Nur weil der Hund auf dem Sofa liegt, er es sich im Bett des Hundehalter bequem macht oder auf dem oberen Treppenabsatz liegt, möchte der Hund nicht die Weltherrschaft an sich reißen.


Sicherlich gibt es Verhaltensweisen die ein konsequentes Eingreifen erfordern.

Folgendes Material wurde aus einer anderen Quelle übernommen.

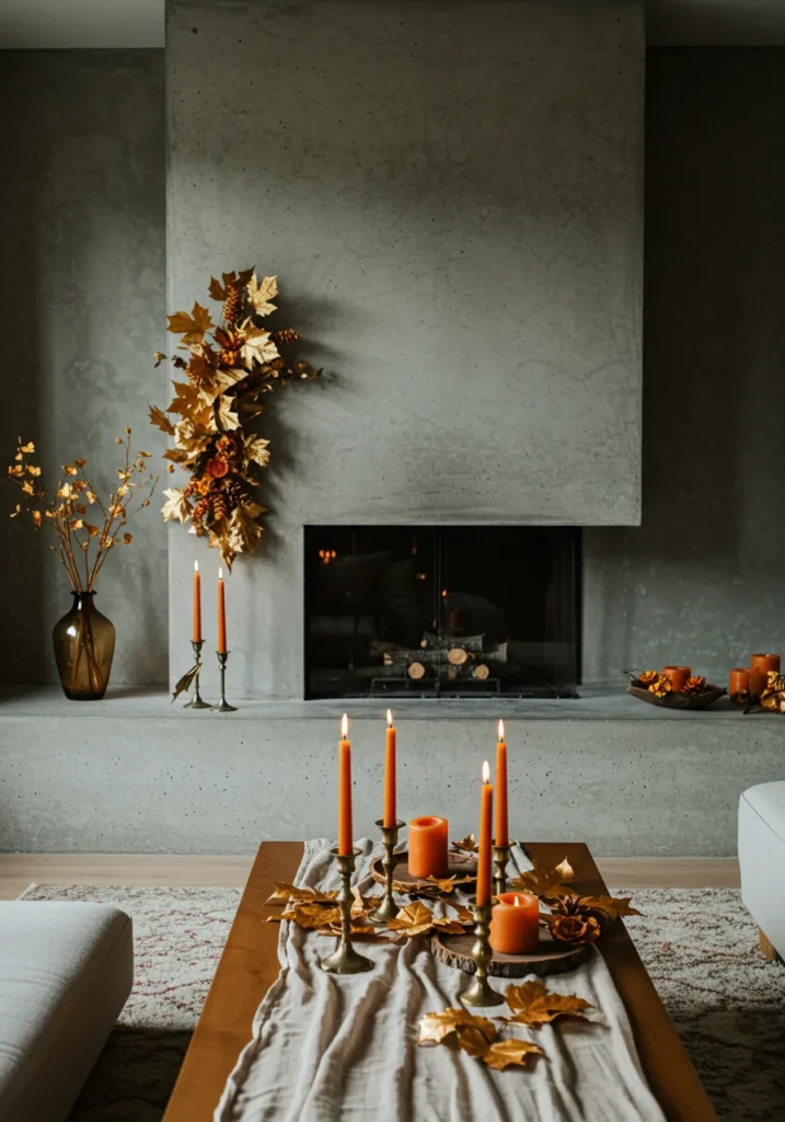 This sleek gray fireplace brings a modern twist to Thanksgiving warmth. A few key pieces—burnt orange candles, golden leaves, and a statement floral arrangement—add just the right amount of seasonal color without clutter. The clean lines and concrete finish keep everything polished, while the soft candlelight adds that cozy glow every fall space needs.

Bestrafen unterdrückt das unerwünschte Verhalten jedoch einfach nur, die Ursache bleibt trotzdem bestehen und führt schlimmstenfalls zu weiteren Missverständnissen zwischen Hund und Hundehalter.


Ein gut durchdachtes & gezieltes Hundetraining führt auf lange Sicht gesehen definitiv zu mehr Erfolg.



Die häufigsten warum Gründe warum Hundetraining nicht funktioniert:



  • Es wird zu unregelmäßig oder gar nicht mit dem Hund trainiert
  • Das Training / Timing ist zu ungenau und findet ohne Trainingsanleitung und Trainingsziel statt.

Mein Fazit :



  • Es lohnt sich also auch mal einen Blick über den Tellerrand hinaus zu werfen und neuen Trainingsmethoden vorurteilsfrei gegenüber zu stehen.
  • Es lohnt sich zudem das eigene Tun und Handeln zu überdenken und das Training zu Gunsten des Hund zu gestalten und anzupassen.
  • Es lohnt sich, sich über die neuesten Erkenntnisse in Sachen Hundeverhalten und Hundeerziehung schlau zu machen und zum Wohl des Tieres auch anzuwenden.